Make a histogram of the total number of steps taken each day and Calculate and report the mean and median total number of steps taken per day. Do these values differ from the estimates from the first part of the assignment? What is the impact of imputing missing data on the estimates of the total daily number of steps?

##Create sum of steps per date to compare with step 1
sumTable2 <- aggregate(mergeData$steps ~ mergeData$date, FUN=sum, )
colnames(sumTable2)<- c("Date", "Steps")

## Mean of Steps with NA data taken care of
as.integer(mean(sumTable2$Steps))
## [1] 10821
## Median of Steps with NA data taken care of
as.integer(median(sumTable2$Steps))
## [1] 11015
## Creating the histogram of total steps per day, categorized by data set to show impact
hist(sumTable2$Steps, breaks=5, xlab="Steps", main = "Total Steps per Day with NAs Fixed", col="yellow")
hist(sumTable$Steps, breaks=5, xlab="Steps", main = "Total Steps per Day with NAs Fixed", col="blue", add=T)
legend("topright", c("Imputed Data", "Non-NA Data"), fill=c("yellow", "blue") )

The new mean of the imputed data is 10821 steps compared to the old mean of 10766 steps. That creates a difference of 55 steps on average per day.

The new median of the imputed data is 11015 steps compared to the old median of 10765 steps.

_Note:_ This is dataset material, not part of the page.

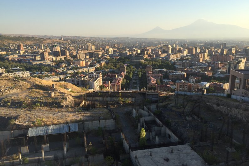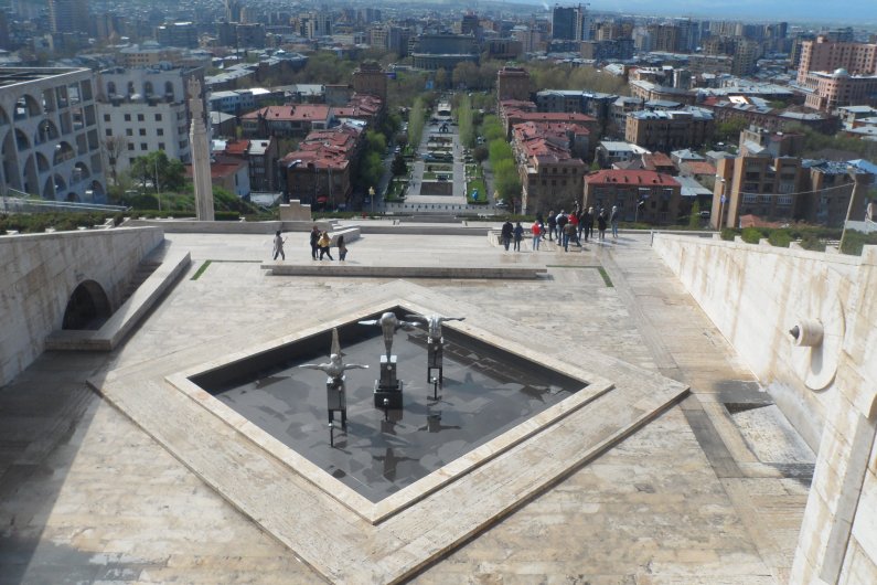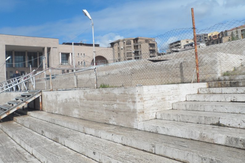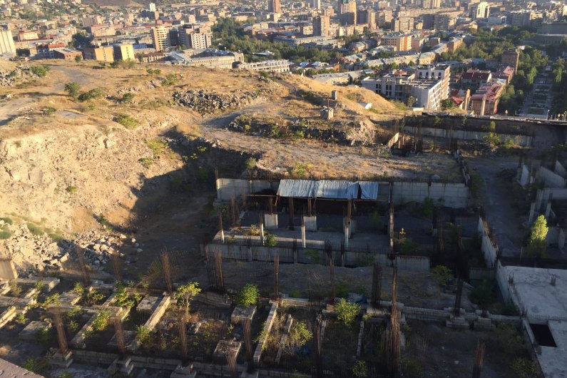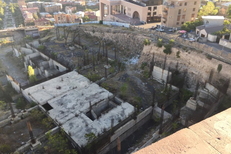 Восхождение по Каскаду – это испытание на нелегкое, хотя и интересное, преодоление высоты, наградой за которое становится возможность насладиться прекрасной панорамой Еревана. Однако после четвертой площадки Каскада белое травертиновое счастье заканчивается: перед нами открывается гигантский черный котлован какого-то недостроенного здания. Он был вырыт в 2007 году с тем, чтобы построить продолжение Каскада и придать ему завершенный вид. Джерард Гафесчян, на чьи средства был достроен и благоустроен весь комплекс, планировал построить здесь музей по проекту нью-йоркского архитектора Дэвида Хатсона. По ходу работ выяснилось, что проект в несколько раз превышает предусмотренный заказчиком бюджет. Из-за разногласий между заказчиком и архитектором проект был остановлен, судьба этой территории площадью 9.8 га и протяженностью 78 м до монумента «Возрождение Армении», остается нерешенной.

That creates a difference of 250 steps for the median.

However, the overall shape of the distribution has not changed.

Are there differences in activity patterns between weekdays and weekends?

Create a new factor variable in the dataset with two levels - “weekday” and “weekend” indicating whether a given date is a weekday or weekend day.

## Create new category based on the days of the week
mergeData$DayCategory <- ifelse(mergeData$day %in% c("Saturday", "Sunday"), "Weekend", "Weekday")

Make a panel plot containing a time series plot (i.e. type = “l”) of the 5-minute interval (x-axis) and the average number of steps taken, averaged across all weekday days or weekend days (y-axis).

## Summarize data by interval and type of day
intervalTable2 <- ddply(mergeData, .(interval, DayCategory), summarize, Avg = mean(steps))

##Plot data in a panel plot
xyplot(Avg~interval|DayCategory, data=intervalTable2, type="l",  layout = c(1,2),
       main="Average Steps per Interval Based on Type of Day", 
       ylab="Average Number of Steps", xlab="Interval")

Yes, the step activity trends are different based on whether the day occurs on a weekend or not. This may be due to people having an increased opportunity for activity beyond normal work hours for those who work during the week.